-
Notifications
You must be signed in to change notification settings - Fork 90
Description
Timeout errors can occur when retrieving data from redis, especially when attempting to retrieve a large number of records:
time="Jan 16 10:50:11" level=error msg="Multi command failed: read tcp [::1]:56727->[::1]:6379: i/o timeout" prefix=redis
When resources become insufficient for larger loads, a state where the number of records created increases faster than they are purged out can be reached, so the corresponding timeout errors can be expected.

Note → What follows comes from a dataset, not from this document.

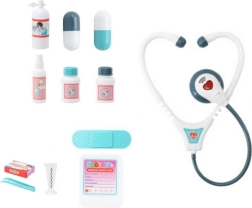 Neben dem Stethoskop umfasst das Set auch eine Injektionsspritze, Skalpelle, eine Patientenkarte und viele weitere Instrumente und Zubehörteile. Jedes Element des Sets ist sorgfältig für maximale Sicherheit und den Komfort kleiner Nutzer konzipiert.

However, some (very noisy) unexpected additional error logs immediately follow the one above when this state is reached:
time="Jan 16 10:50:11" level=error msg="Couldn't unmarshal analytics data:EOF" analytic_key=tyk-system-analytics prefix=main
time="Jan 16 10:50:11" level=error msg="Couldn't unmarshal analytics data:EOF" analytic_key=tyk-system-analytics prefix=main
time="Jan 16 10:50:11" level=error msg="Couldn't unmarshal analytics data:EOF" analytic_key=tyk-system-analytics prefix=main
(...)
Depending on which pumps are configured, this can result in (also quite noisy) error logs such as:
time="Jan 16 10:50:33" level=error msg="Error decoding analytic record" prefix=resurface-pump
time="Jan 16 10:50:33" level=error msg="Error decoding analytic record" prefix=resurface-pump
(...)
In this case, the resurfaceio backend the following type assertion is performed on line 217:
decoded, ok := v.(analytics.AnalyticsRecord)
if !ok {
rp.log.Error("Error decoding analytic record")
continue
}
Which fails as the interface v does not hold an analytics.AnalyticsRecord type. This can just result in noisy logs as mentioned above, but for pumps that do not carry out a safe type assertion (decoded := v.(analytics.AnalyticsRecord) instead of decoded, ok := v.(analytics.AnalyticsRecord)), an unhandled runtime panic could be triggered.
By tracing back the origin of these logs, we can see how:
- the timeout error is logged after attempting to retrieve data from redis inside the
GetAndDeleteSetmethod - the set of EOF errors are logged after attempting to unmarshal each record in the slice
- multiple type assertion errors are logged as shown above (one for each one these empty interfaces)
I believe that even though many empty records cause EOF errors at read time, many others do not, and they end up getting passed to the writePumps method as new interface-wrapped decoded values, which causes the type assertion errors.
This issue can be reproduced following the same steps described in PR #731, as the related issue can lead to a state where the number of records builds up faster than they are purged out.